Gleichzeitig tritt uns mit dieser Corona-Krise auch unsere Vergänglichkeit und Verletzlichkeit intensiv ins Bewusstsein, die wir in unserer Kultur so effektiv verdrängen. Die Angst vor dem Virus ist eine Angst vor dem Tod, eine Angst, mit der wir in unserer Gesellschaft nicht gelernt haben umzugehen und die wir kaum hinterfragen. Die Intensität der Diskussion und der Maßnahmen haben auch mit dieser Angst zu tun, und ein besonnener Umgang mit dem Sterben gibt auch Raum für einen besonnenen Umgang mit der Bedrohung des Virus jenseits von Verharmlosung und Panik. Auch der Tod ist letztlich eine Vertrauensfrage, er konfrontiert uns mit der Ungewissheit schlechthin. Wir wissen nicht, wohin wir gehen, in welchen Horizont uns dieses endliche Leben hinein entlässt. Der Tod legt für uns offen, wie sehr wir unserem Dasein vertrauen, wie sehr wir uns von einem Leben, das auch den Tod umfasst, getragen und geborgen fühlen.
Hinzukommt, dass wir in der Osterzeit sind, dem Fest von Sterben und Wiedergeburt, des Wandels, der aus der Konfrontation mit dem Dunkel ersteht.

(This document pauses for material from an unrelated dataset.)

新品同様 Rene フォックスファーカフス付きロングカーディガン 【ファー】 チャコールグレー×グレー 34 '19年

Wir als Menschen und wir als Kultur durchlaufen gerade solch einen österlichen Prozess. Wie kann ich dem Sterben, das geschieht, mit Fürsorge und Wachheit begegnen? Und den Menschen beistehen, die diese Krise in ein Dunkel stürzt? Was in meinem eigenen Leben will sterben und Raum machen für neue Geburten? Und welche Verhältnisse und Lebenswirklichkeiten unserer Kultur sind verbraucht und können losgelassen werden, um als Menschen gemeinsam neu zu werden. Diese Fragen sind für mich in dieser Zeit besonders dringlich und wertvoll. Sie können uns einen Weg aus der Krise, durch die Krise weisen, ohne sie „schönzuhoffen“.

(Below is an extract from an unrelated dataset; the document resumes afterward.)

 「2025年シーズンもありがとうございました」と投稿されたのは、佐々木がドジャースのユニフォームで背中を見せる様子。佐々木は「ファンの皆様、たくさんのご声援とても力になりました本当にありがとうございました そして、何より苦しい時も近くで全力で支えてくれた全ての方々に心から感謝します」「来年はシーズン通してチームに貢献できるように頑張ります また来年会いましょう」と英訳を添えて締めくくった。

Denn was auch immer kommen mag, es wird anders sein, als wir wissen können. Angefragt sind wir in unserem Vertrauen in uns selbst, in unser verbundenes Menschsein, in unsere Gestaltungskraft und in das unergründliche Geheimnis des Lebens selbst, das uns immer überrascht und überwältigt.